In one 2010 study,10 women who ate the most high glycemic foods had more than double the risk of developing heart disease as women who ate the fewest. Previous studies, including an excellent one published in the American Journal of Clinical Nutrition,11 have also linked high-carb diets to heart disease. Contrary to popular belief, the scientific evidence also shows that saturated fat is in fact a necessary part of a heart healthy diet, and firmly debunks the myth that saturated fat promotes heart disease.

For example:

  • In a 1992 editorial published in the Archives of Internal Medicine,12 Dr. William Castelli, a former director of the Framingham Heart study, stated:

“In Framingham, Mass., the more saturated fat one ate, the more cholesterol one ate, the more calories one ate, the lower the person’s serum cholesterol. The opposite of what… Keys et al would predict… We found that the people who ate the most cholesterol, ate the most saturated fat, ate the most calories, weighed the least and were the most physically active.”

  • A 2010 meta-analysis,13 which pooled data from 21 studies and included nearly 348,000 adults, found no difference in the risks of heart disease and stroke between people with the lowest and highest intakes of saturated fat.
  • Another 2010 study published in the American Journal of Clinical Nutrition14 found that a reduction in saturated fat intake must be evaluated in the context of replacement by other macronutrients, such as carbohydrates. When you replace saturated fat with a higher carbohydrate intake, particularly refined carbohydrate, you exacerbate insulin resistance and obesity, increase triglycerides and small LDL particles, and reduce beneficial HDL cholesterol.The authors state that dietary efforts to improve your cardiovascular disease risk should primarily emphasize the limitation of refined carbohydrate intake, and weight reduction.
  • A 2014 meta-analysis15 of 76 studies by researchers at Cambridge University found no basis for guidelines that advise low saturated fat consumption to lower your cardiac risk, calling into question all of the standard nutritional guidelines related to heart health. According to the authors: “Current evidence does not clearly support cardiovascular guidelines that encourage high consumption of polyunsaturated fatty acids and low consumption of total saturated fats.”

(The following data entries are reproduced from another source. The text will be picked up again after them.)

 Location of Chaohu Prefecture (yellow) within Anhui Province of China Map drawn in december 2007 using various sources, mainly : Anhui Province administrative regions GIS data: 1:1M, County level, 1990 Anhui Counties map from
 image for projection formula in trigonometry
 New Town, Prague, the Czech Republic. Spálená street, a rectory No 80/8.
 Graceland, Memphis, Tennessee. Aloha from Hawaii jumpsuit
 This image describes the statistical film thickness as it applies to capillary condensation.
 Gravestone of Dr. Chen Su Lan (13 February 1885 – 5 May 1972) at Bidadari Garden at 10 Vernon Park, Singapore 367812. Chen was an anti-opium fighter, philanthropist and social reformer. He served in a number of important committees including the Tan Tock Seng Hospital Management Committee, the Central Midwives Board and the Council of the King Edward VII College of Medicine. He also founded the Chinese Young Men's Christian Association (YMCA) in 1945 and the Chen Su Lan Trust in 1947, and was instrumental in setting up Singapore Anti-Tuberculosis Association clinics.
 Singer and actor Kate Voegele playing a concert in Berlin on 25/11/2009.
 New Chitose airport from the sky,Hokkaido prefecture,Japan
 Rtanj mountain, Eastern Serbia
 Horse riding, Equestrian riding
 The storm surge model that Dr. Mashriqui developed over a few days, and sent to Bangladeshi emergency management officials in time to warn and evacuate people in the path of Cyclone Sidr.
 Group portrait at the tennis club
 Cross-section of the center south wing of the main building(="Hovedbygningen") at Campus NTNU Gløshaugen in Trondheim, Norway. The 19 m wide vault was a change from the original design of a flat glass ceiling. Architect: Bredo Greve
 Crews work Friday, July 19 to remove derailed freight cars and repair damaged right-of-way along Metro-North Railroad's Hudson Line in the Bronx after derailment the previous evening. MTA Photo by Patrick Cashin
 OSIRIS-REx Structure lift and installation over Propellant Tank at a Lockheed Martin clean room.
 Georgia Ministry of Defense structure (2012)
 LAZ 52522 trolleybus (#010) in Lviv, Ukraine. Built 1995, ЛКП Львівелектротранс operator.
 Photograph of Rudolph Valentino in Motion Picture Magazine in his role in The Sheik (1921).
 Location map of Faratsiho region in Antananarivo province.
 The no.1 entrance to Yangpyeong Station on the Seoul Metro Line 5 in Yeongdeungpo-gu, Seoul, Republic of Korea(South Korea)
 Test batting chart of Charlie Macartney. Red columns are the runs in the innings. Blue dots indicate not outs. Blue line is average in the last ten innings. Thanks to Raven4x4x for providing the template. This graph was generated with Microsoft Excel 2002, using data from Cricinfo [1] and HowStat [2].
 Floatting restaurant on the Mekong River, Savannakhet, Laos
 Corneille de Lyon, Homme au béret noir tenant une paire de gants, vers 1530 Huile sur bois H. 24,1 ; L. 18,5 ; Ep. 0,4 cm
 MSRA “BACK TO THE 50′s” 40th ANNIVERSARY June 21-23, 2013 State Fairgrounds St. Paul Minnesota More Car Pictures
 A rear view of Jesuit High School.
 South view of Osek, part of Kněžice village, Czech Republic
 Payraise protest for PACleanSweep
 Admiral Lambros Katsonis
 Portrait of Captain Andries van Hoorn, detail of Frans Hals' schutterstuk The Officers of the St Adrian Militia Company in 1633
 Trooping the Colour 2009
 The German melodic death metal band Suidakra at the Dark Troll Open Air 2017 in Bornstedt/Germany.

Simple Lifestyle Changes Can Effectively Protect Your Heart Health

Contrary to what pharmaceutical PR firms will tell you, statins have nothing to do with reducing your heart disease risk. In fact, this class of drugs can actually increase your heart disease risk—especially if you do not take ubiquinol (CoQ10) along with it to mitigate the depletion of CoQ10 caused by the drug.Poor lifestyle choices are primarily to blame for increased heart disease risk, such as eating too much refined sugar and processed foods, getting too little exercise and movement, lack of sun exposure and rarely, or never grounding to the earth. These are all things that are within your control, and don’t cost much (if any) money to address.

It’s also worth noting that statins can effectively nullify the benefits of exercise, which in and of itself is important to bolster heart health and maintain healthy cholesterol levels. In fact, one of the best ways to condition your heart is to engage in high-intensity interval exercise.16,17 Taking a drug that counteracts your personal efforts to improve your health seems like a really questionable tactic. If you’re currently taking a statin drug and are worried about the excessive side effects they cause, please consult with a knowledgeable health care practitioner who can help you to optimize your heart health naturally, without the use of these dangerous drugs.